▶ **EXERCISE PROMPT**
In the data below, set down exactly the lines from the one containing "- 例えば、2024年にあっ" up to and including the one containing "これを所得税額控除といいます". Leave the pictures out.

▶ **DATA TO PROCESS**
————————

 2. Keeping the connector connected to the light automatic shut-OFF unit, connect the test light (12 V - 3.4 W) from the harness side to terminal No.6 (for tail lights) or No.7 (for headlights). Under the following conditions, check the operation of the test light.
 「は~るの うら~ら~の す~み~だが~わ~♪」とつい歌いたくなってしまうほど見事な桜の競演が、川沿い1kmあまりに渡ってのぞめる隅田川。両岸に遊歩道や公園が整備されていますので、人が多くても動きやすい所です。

————————

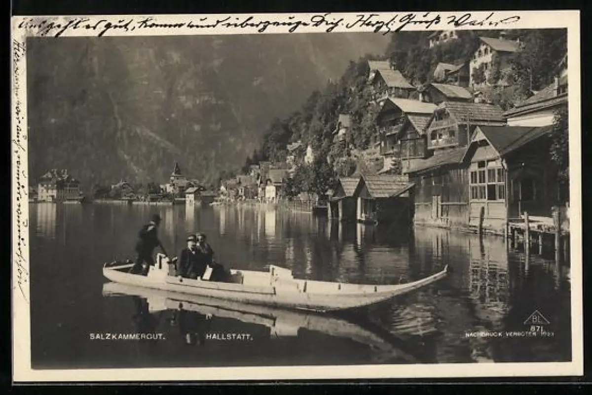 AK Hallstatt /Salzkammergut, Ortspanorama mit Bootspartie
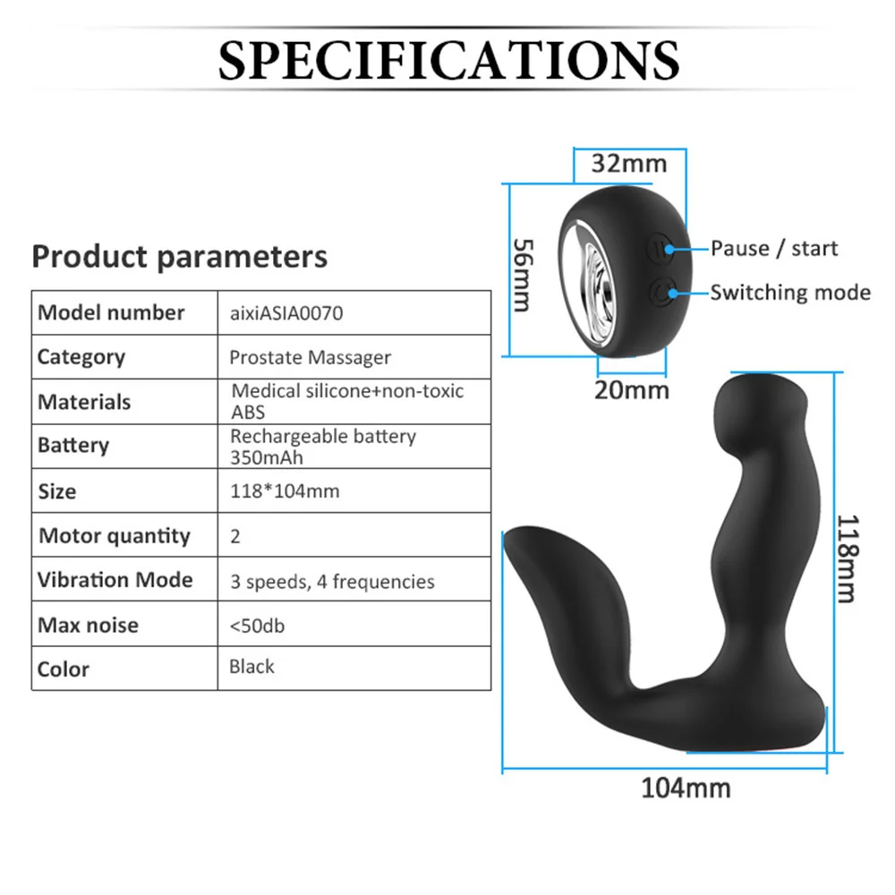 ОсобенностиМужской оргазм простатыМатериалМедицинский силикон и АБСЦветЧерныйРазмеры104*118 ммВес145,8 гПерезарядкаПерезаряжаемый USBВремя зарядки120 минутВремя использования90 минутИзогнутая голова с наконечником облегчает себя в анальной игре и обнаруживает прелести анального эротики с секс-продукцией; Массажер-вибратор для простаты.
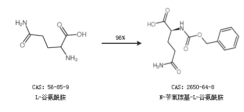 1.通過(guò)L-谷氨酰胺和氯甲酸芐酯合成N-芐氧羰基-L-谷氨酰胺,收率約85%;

————————

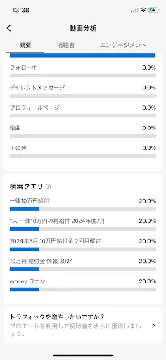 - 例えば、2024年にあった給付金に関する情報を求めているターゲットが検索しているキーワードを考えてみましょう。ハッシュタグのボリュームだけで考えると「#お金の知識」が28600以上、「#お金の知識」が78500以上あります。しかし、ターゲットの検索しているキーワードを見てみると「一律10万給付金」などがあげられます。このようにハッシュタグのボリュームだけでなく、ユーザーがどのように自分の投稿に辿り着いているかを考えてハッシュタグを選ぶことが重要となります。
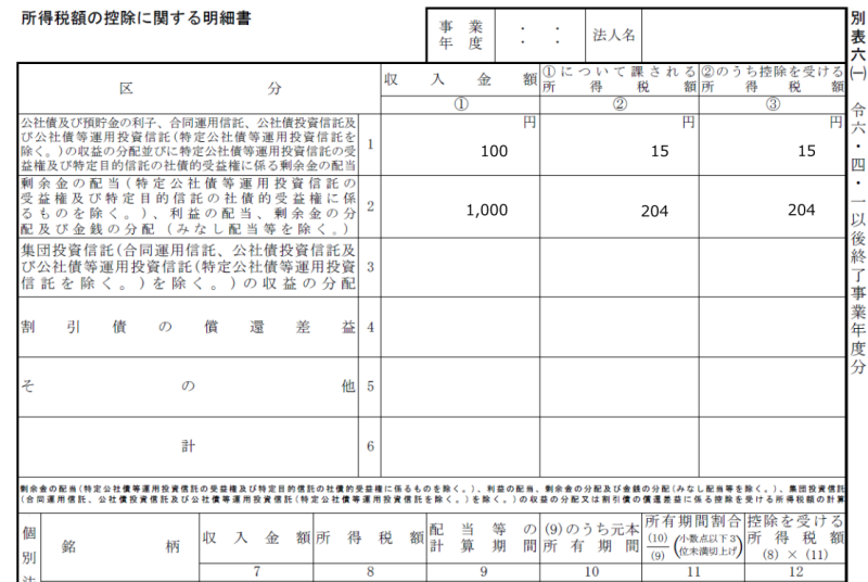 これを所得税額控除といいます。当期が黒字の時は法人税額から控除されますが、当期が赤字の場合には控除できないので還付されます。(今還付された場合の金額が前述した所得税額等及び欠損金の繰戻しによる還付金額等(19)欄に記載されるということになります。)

————————

▶ **OUTPUT OF THE EXERCISE**
 - 例えば、2024年にあった給付金に関する情報を求めているターゲットが検索しているキーワードを考えてみましょう。ハッシュタグのボリュームだけで考えると「#お金の知識」が28600以上、「#お金の知識」が78500以上あります。しかし、ターゲットの検索しているキーワードを見てみると「一律10万給付金」などがあげられます。このようにハッシュタグのボリュームだけでなく、ユーザーがどのように自分の投稿に辿り着いているかを考えてハッシュタグを選ぶことが重要となります。
 これを所得税額控除といいます。当期が黒字の時は法人税額から控除されますが、当期が赤字の場合には控除できないので還付されます。(今還付された場合の金額が前述した所得税額等及び欠損金の繰戻しによる還付金額等(19)欄に記載されるということになります。)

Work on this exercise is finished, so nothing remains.